Relief comes in a pink plastic bag filled with narcotic twigs that 90% of Yemeni men and 70% of women slip into their cheeks.
Happiness here is a lump of green green the size of a tennis ball that is masticated in public.
There is no shame attached to being high on khat. Its effects have been compared to amphetamine. It tastes like grassy banana skin.
The Ministry of Agriculture further argues that one third of the agricultural land and one third of water for agriculture have begun to cultivate the drug.
Many officials believe that these figures can be extremely low – some studies quoted by the United Nations suggest that 60% of Yemen's agricultural land is given over to khat.
And anecdotal, on a 2,500 mile (4,000 km) drive around the Houthi team north of the country divided by civil war, it is very clear that khat (Catha Edulis) is the region's preferred crop.
It is odd when one considers that the UN World Food Program estimates that it will have to feed 12 million Yemen this year . Before the recent conflict competition, four years ago, WFP fed one million.
Even khat dealers believe it is stupid for a nation that is dangerously short of food to grow an inedible drug.
Mohammed Sulwei is recognized by other khat dealers in Sanaa who provide the finest drug market's most inebriant drug market.
A pink bag weighing about half a half of the best hay-like twigs introduced daily goes to 25,000 Yemeni riyals, that's about $ 50.
The cheapest khat he sells costs $ 5 a bag, although the lowest quality gets around $ 2.50 elsewhere. It is at least enough money to buy food for a family of seven to a day.
I ask him: "Do you think that makes sense to Yemen, it has no food, for everyone has to chew?"
He replied, "No." And continued to say that he had no problem if the drug was banned. "I wanted to sell something else," he said.
Nearby, Hussein al Jebri leads a shiny silver 4×4 through a growing amount of khat buyers who deal with sellers delivering their fabrics from elevated stalls.
He buys, he does not say for himself, but for his workers.
"In fact, they have fled away from normal life. You know we are at war, and they want a way to feel good. You get me? And some people, they don't care about the money," he explained.
Chewing khat is a traditional and central part of Yemeni life. The afternoon is used to chat, chew and sip with endless small glasses of sugary tea.
As the effects intensify, a clarity takes over the user.
But:" They were gradually replaced by mild dysphoria, sedation, anxiety, reactive depression, insomnia and anorexia. "
explains the noebyhigh-jeebies that get hold of most of Yemen.
Khat is harvested at dawn and distributed throughout the country by a network of high-speed tankers driven by frightening speeds to bring the fabric to market. There is no regard for the front lines of the war between the Houthi rebels who control the capital and much of the northwest and the Saudi-led coalition of forces supporting Yemen's government.
Most places only get it at lunchtime, so today's focus for almost all Yemenis is getting over the morning's downer, reconciling some food in the stomach (khat is pain on an empty stomach) and then being laid down for a good chew.
The country is in danger of a humanitarian crisis. WFP says it is " a step away "from famine.
I Abs, not far from the Saudi border, where the fighting has recently intensified to send 10,000 new refugees into flight, underestimates the malnutrition camps of displaced thousands.
At the local hospital, children with diseases are so poorly fed, they have little energy to survive. Breast infections and diarrhea threaten to kill rodent infants and children who are inertly attached to drips and feeding tubes.
Outside, khat trade is lively. And the acacia trees that pepper scrub over the pink flowers with plastic bags snared in their thorns.
We asked Hussin Al-Ezzi, Deputy Minister of the Rebellion Houthi Government: "Why do we, the international community, send food to Yemen – North and South – when the whole country is walking around with a substance in their mouth?"
] "It is used as a social tradition and has nothing to do with help. I don't know why you associate khat with help," he replied.
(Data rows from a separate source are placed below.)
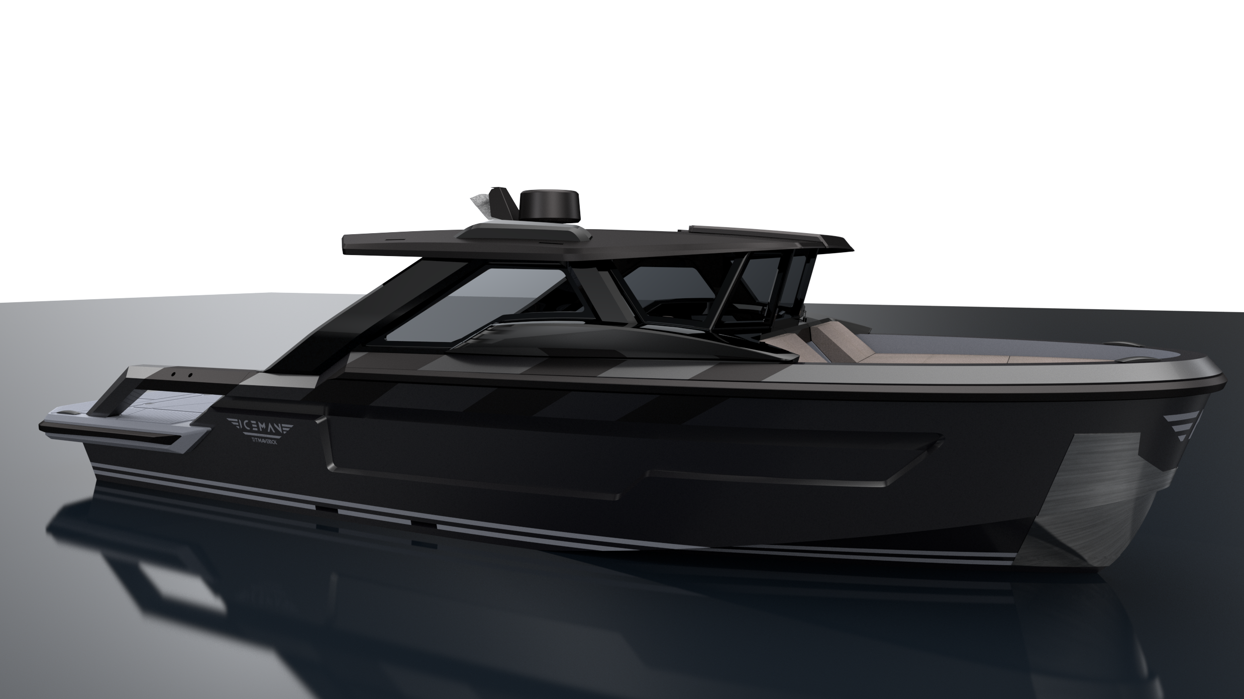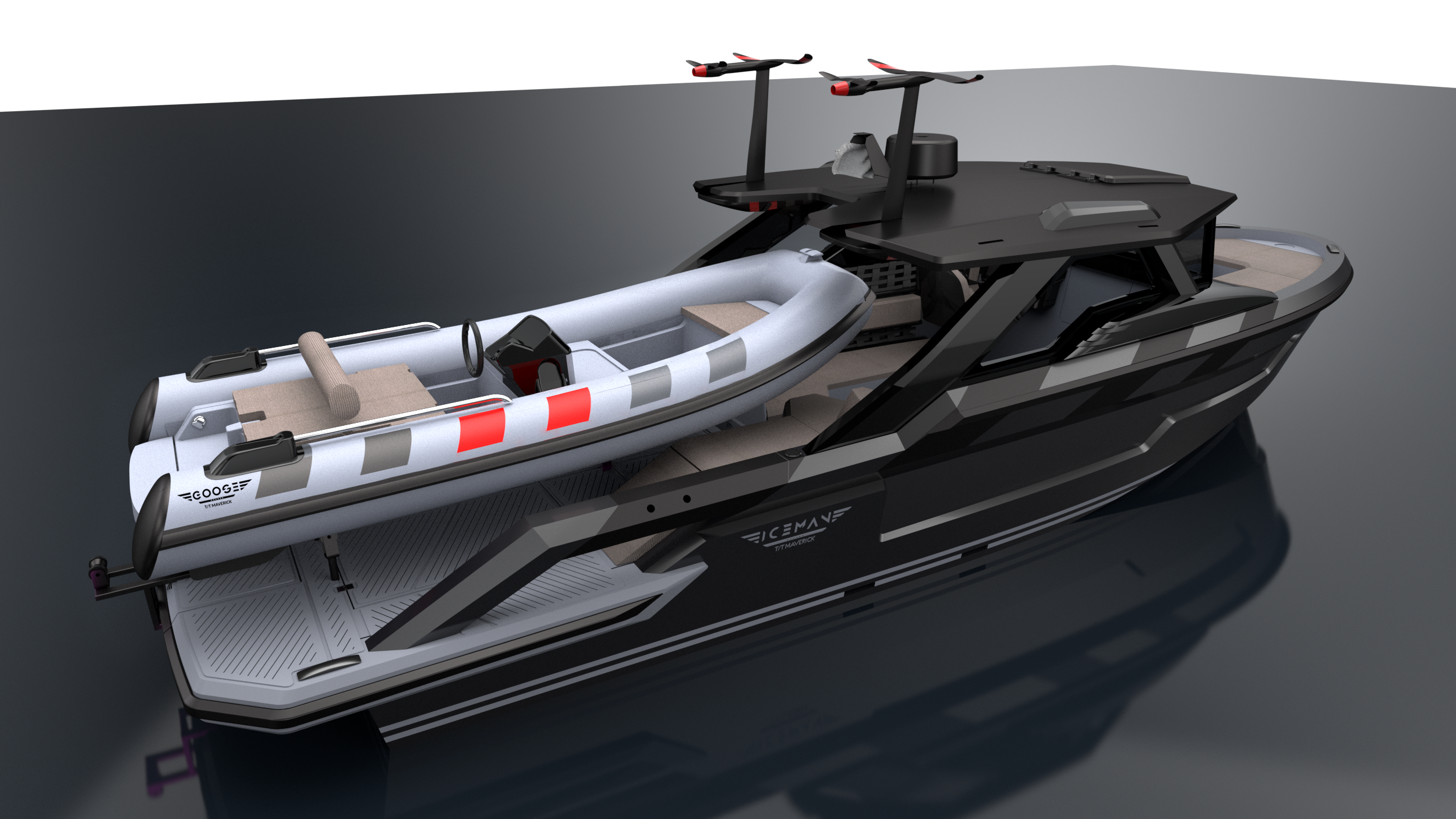Eteen sijoitettu ohjaushytti mahdollistaa sen, että Iceman kykenee kuljettamaan takakannella omaa pientä tenderiään, 4,35 metriä pitkää rib-venettä.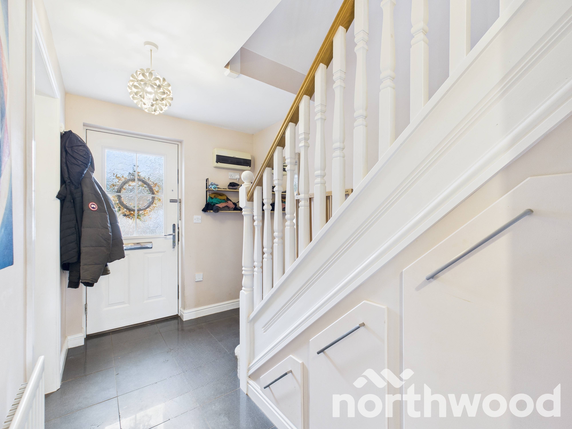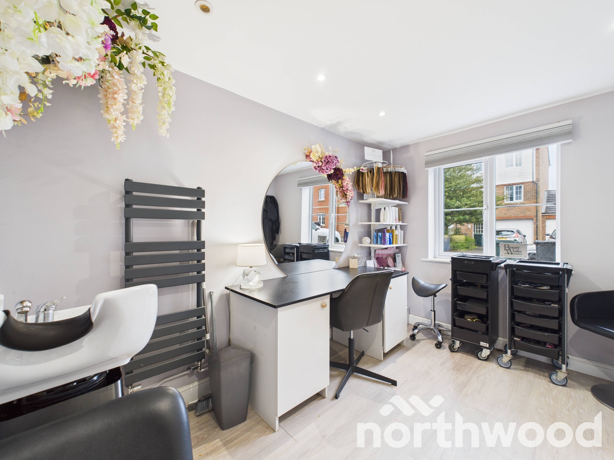 Step into a bright and welcoming entrance hallway that sets the tone for the rest of the home. To the rear, the open-plan kitchen and breakfast room is a standout feature, flooded with natural light and fitted with sleek cabinetry, integrated appliances, and generous worktop space. It’s a perfect spot for morning coffee or entertaining friends. The converted garage adds valuable flexibility and is currently used as a studio, but could easily serve as a fourth bedroom, home office, or snug. A cloakroom is neatly positioned under the stairs, adding practicality without compromising space.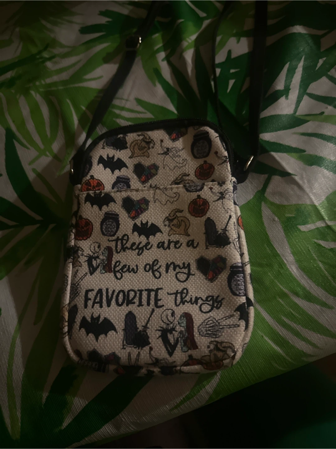 Super cute crossbody bag featuring designs from The Nightmare Before Christmas! It says "These are a few of my FAVORITE things" and has Jack Skellington, Sally, bats, and pumpkins printed on it. Perfect for any fan!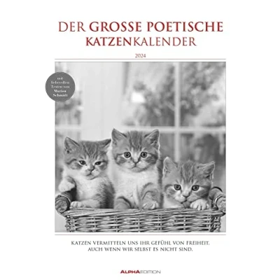 The Large Poetic Cat Calendar 2024 Picture A3 (29.7 x 42 cm) with Beautiful Quotes Black/White Animal Wall Planner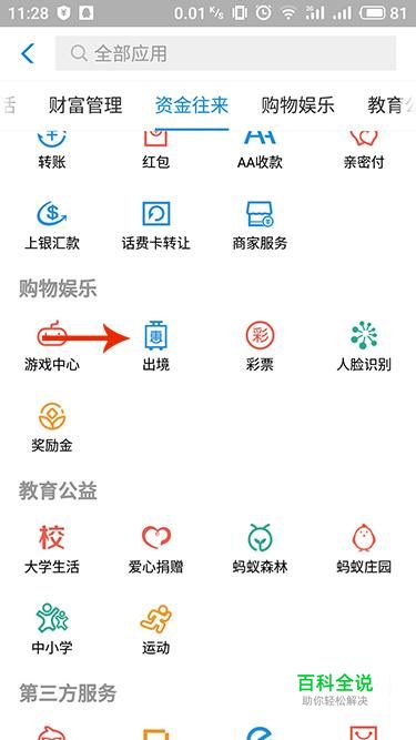 进入全部应用界面,在“购物娱乐”中点击“出境”
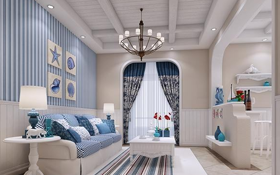 地中海裝修風格是現代家庭裝修的主流選擇,并得到廣泛推崇。其藍色延邊設計和拱形的獨特魅力,是大海和天邊的美好印證。沙發背景墻上豎條形的延伸了視覺,壁畫很別致,充滿了童趣,結合著沙發上五顏六色的靠枕,這絕對是一種藝術。蔚藍的大海、白色的沙灘,在每個人的心里,這都會是一幅完美的畫卷。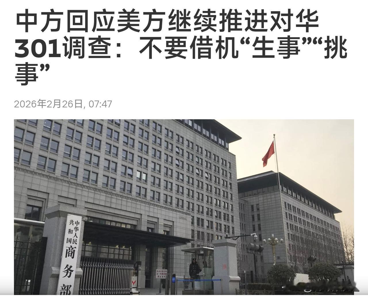 美国对等关税失效后,美国贸易代表企较长利用 301 调查对中国再征税!中方警告美方:不要借机“生事 挑事”!而后美国贸易代表立即出面表示:美国没有对中国加税的计划! 美国最高法院20日公布裁决,认定特朗普政府援引《国际紧急经济权力法》实施的大规模关税政策违法。特朗普随后宣布,依据《1974年贸易法》第122条征收“全球进口关税”,税率10%,为期150天,以取代被最高法院认定违法的关税。同时美国将“全球进口关税”税率将从10%提高到15%,并“立即生效”。接下来几个月里美国政府还要发布新的关税! 中国商务部新闻发言人在就美国最高法院公布关税诉讼案裁决结果答记者问时表示,中方一贯反对各种形式的单边加征关税措施,中方敦促美方取消对贸易伙伴加征的有关单边关税措施。 而就在此时 美国贸易代表还想对中国进行无理的关税的话,这对于 2025 年进行的 5 轮贸易磋商的成果是一种挑战,如果美国单方面对中国施压关税,关于农产品贸易 稀土贸易 投资贸易来说,美国需要掂量掂量。这也就是中方所说的:不要“甩锅推责”,更不要借机“生事”“挑事”。否则中方采取一切必要反制,捍卫自身合法权益! 特别是在特朗普即将要访华的这个时间点,美国敢挑事吗? 美国贸易代表格里尔 2 月 25 日 表示,美国总统特朗普计划于未来数周内访华,目前政府无意将针对中国商品的关税从当前水平上调。 格里尔表示:“美国政府不打算在现有税率基础上进一步升级。我们打算严格遵守我们与中国达成的协议。” 看来中方的警告,让格里尔听懂了!格里尔吓唬谁呢!

We pressed, "It's very simple. Most of your country is given to growing substances that are not food."
The minister said, "I agree with you, this is a bad habit we must get rid of. It is undeniable." But there is no indication that khat cultivation is anything but budding.
Magnificent peaks and ridges thick with forest tissue over Shaneen village, three hours east of Sanaa. Spring water is spilled out of small holes in the ground, and terraces carved over millennia into the landscape are green green, smothered with khat trees.
The farmers said it 20 years ago that their fields were full of wheat.
Mounir al Rubaii is one of the peasants who rely on khat.
"Khat is the top crop, because the market for the others is not good," he said.
"We can only profit from khat crops do not cover our housing costs. This is the only crop that covers our daily and annual expenses."
With the vast majority of Yemenis using the drug, it is not surprising.
But it is an addiction that is activated by humanitarian aid. The Yemeni government recently estimated that the khat industry was worth about $ 12 billion. Dollars to the country.
It happens about three times the amount the UN says it needs to feed Yemen.
CNN's Sarah El Sirgany and Brice Lainé have contributed to this story.